Uncertainty quantification for deep learning in ultrasonic crack characterization

Pyle, Richard J. and Hughes, Robert R. and Ali, Amine Ait Si and Wilcox, Paul D. (2022) Uncertainty quantification for deep learning in ultrasonic crack characterization. IEEE Transactions on Ultrasonics, Ferroelectrics and Frequency Control, 69 (7). pp. 2339-2351. ISSN 0885-3010 (https://doi.org/10.1109/TUFFC.2022.3176926)

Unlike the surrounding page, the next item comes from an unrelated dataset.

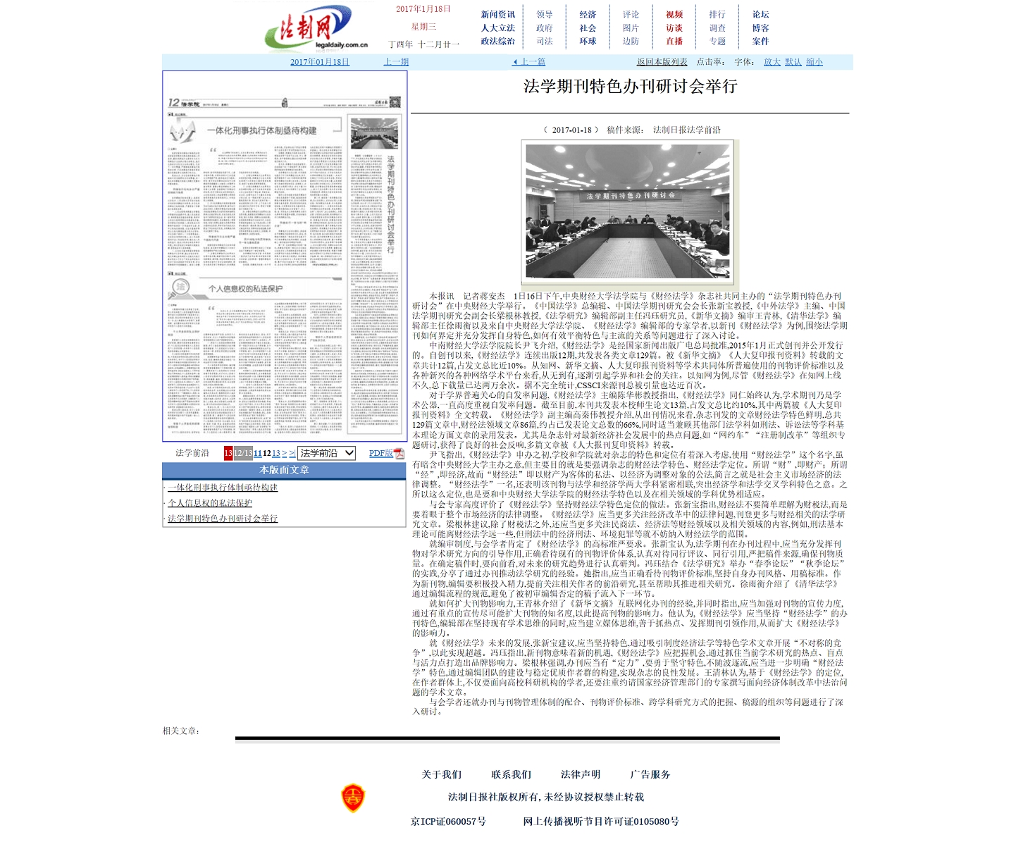 本报讯 记者蒋安杰 1日16日下午,公司与《财经法学》杂志社共同主办的“法学期刊特色办刊研讨会”在公司举行。《中国法学》总编辑、中国法学期刊研究会会长张新宝教授,《中外法学》主编、中国法学期刊研究会副会长梁根林教授,《法学研究》编辑部副主任冯珏研究员,《新华文摘》编审王青林,《清华法学》编辑部主任徐雨衡以及来自9428cn太阳集团古天乐、《财经法学》编辑部的专家学者,以新刊《财经法学》为例,围绕法学期刊如何界定并充分发挥自身特色,如何有效平衡特色与主流的关系等问题进行了深入讨论。

[thumbnail of Pyle-etal-IEEE-TUFFC-2022-Uncertainty-quantification-for-deep-learning]
Preview
Text. Filename: Pyle_etal_IEEE_TUFFC_2022_Uncertainty_quantification_for_deep_learning.pdf
Accepted Author Manuscript
License: Strathprints license 1.0

Download (1MB)| Preview

Abstract

Deep learning for nondestructive evaluation (NDE) has received a lot of attention in recent years for its potential ability to provide human level data analysis. However, little research into quantifying the uncertainty of its predictions has been done. Uncertainty quantification (UQ) is essential for qualifying NDE inspections and building trust in their predictions. Therefore, this article aims to demonstrate how UQ can best be achieved for deep learning in the context of crack sizing for inline pipe inspection. A convolutional neural network architecture is used to size surface breaking defects from plane wave imaging (PWI) images with two modern UQ methods: deep ensembles and Monte Carlo dropout. The network is trained using PWI images of surface breaking defects simulated with a hybrid finite element / ray-based model. Successful UQ is judged by calibration and anomaly detection, which refer to whether in-domain model error is proportional to uncertainty and if out of training domain data is assigned high uncertainty. Calibration is tested using simulated and experimental images of surface breaking cracks, while anomaly detection is tested using experimental side-drilled holes and simulated embedded cracks. Monte Carlo dropout demonstrates poor uncertainty quantification with little separation between in and out-of-distribution data and a weak linear fit ( R=0.84 ) between experimental root-mean-square-error and uncertainty. Deep ensembles improve upon Monte Carlo dropout in both calibration ( R=0.95 ) and anomaly detection. Adding spectral normalization and residual connections to deep ensembles slightly improves calibration ( R=0.98 ) and significantly improves the reliability of assigning high uncertainty to out-of-distribution samples.